Малфой молчал, а она вернулась к своей игре в музыкальные камни.
***
Гермиона забрала бутылку у Малфоя и сделала еще один глоток. Прижала ее к груди и закупорила, снова мысленно поблагодарив существование Репаро.
— Это… — протянул Малфой, услышав шаги в соседнем коридоре.
На мгновение в груди Гермионы затеплилась надежда, но потом раздался смех, и та сменилась пробегающим по спине холодом. Они с Малфоем одновременно сделали шаг назад, и он потушил свет. Она держала палочку направленной на конец коридора, чтобы он мог видеть, куда целиться, но была готова потушить на случай, если ей тоже придется выпускать заклинание.
Из-за угла показалась рука, пальцы застучали по стене, после чего появилась и сама Беллатриса. Она посмотрела на Малфоя и улыбнулась.
— Дра-а-ако, — полупропела она. — Я придумала игру…
Видимо, он как раз занимался оценкой ситуации и планированием, потому что только сейчас выпустил блокирующее заклинание, которое Гермиона отправила бы Беллатрисе в голову в ту же секунду, как увидела. В то же мгновение он встал в дуэльную позицию, но расслабился, когда Беллатриса отлетела назад. Мрачная улыбка медленно растянулась на его лице, а в связке с тем, как ее палочка освещала его лицо, он казался зловещим и таким опасным, каким она его до этого не видела.
Гермиона что-то почувствовала и только начала поворачиваться, как что-то похожее на связку раскаленных лезвий ударилось ей в спину. Она выгнулась, закричала и подалась вперед. С трудом втянув воздух, развернулась и отправила блокирующее заклинание в темноту.

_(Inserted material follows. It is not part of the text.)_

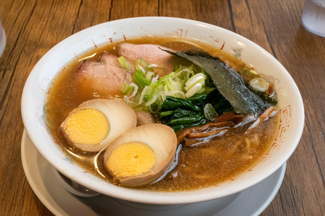 (限定) 中華そば (記念ステッカー付き) + 煮卵 [2025/10/12] ¥1200+¥100 2025/10/12、5周年記念限定メニュー 公式Xより

Заклинание осветило пять других видений, которые неслись к ним, и столько же Пожирателей смерти, скрытых темнотой коридора. Блокирующее заклинание отбросило их всех назад. До того, как действие заклинания закончилось и видения снова пришли в движение, она упала на колени и проорала:
— Вниз!
Она услышала, как заклинания ударили по камню, после чего Малфой прокричал изгоняющее заклинание.
Вдохнув, она Люмосом осветила пустой коридор. Спину жгло от пульсирующей боли, Гермионе стало труднее дышать, словно она втягивала воздух через соломинку. Она услышала быстрые шаги Малфоя за спиной, шлейка от сумки натянулась на шее, когда он в нее полез.
Она тяжело задышала, и слюна забурлила в горле, когда Малфой поднял ее рубашку на спине.
— Черт.
Значит, все плохо. Значит выглядит так же плохо, как и ощущается.
Гермиона услышала, как откупоривается бутылка с бадьяном, и сжала зубы и кулаки, но Малфой замер за ее спиной.
— Что?
— Сначала мне нужно остановить кровь, или она просто вытеснит бадьян из…
— Сунь внутрь.
— Что?
— Это же проколы? Сунь внутрь. Пипетку, сунь…
— Я не буду засовывать…
— Я не могу дышать, просто сунь внутрь!
Она услышала, как Малфой клацнул зубами, но когда попыталась выпрямиться, он снова наклонил ее вперед. Она очень сильно сжала зубы, опасаясь, что они сломаются, но крик все же вырвался из ее нутра, когда пипетка вошла в рану.
— Твою ж мать, ты же сказала мне это сделать!
Гермиона не могла нормально дышать, поскольку получалось сосредоточиться только на одном участке, наполненном агонией. Она наклонилась вперед, пока лоб не коснулся холодного камня, и прерывисто задышала. Снова и снова, пока не смогла сделать полноценные вдохи, а ноющая боль в груди не исчезла.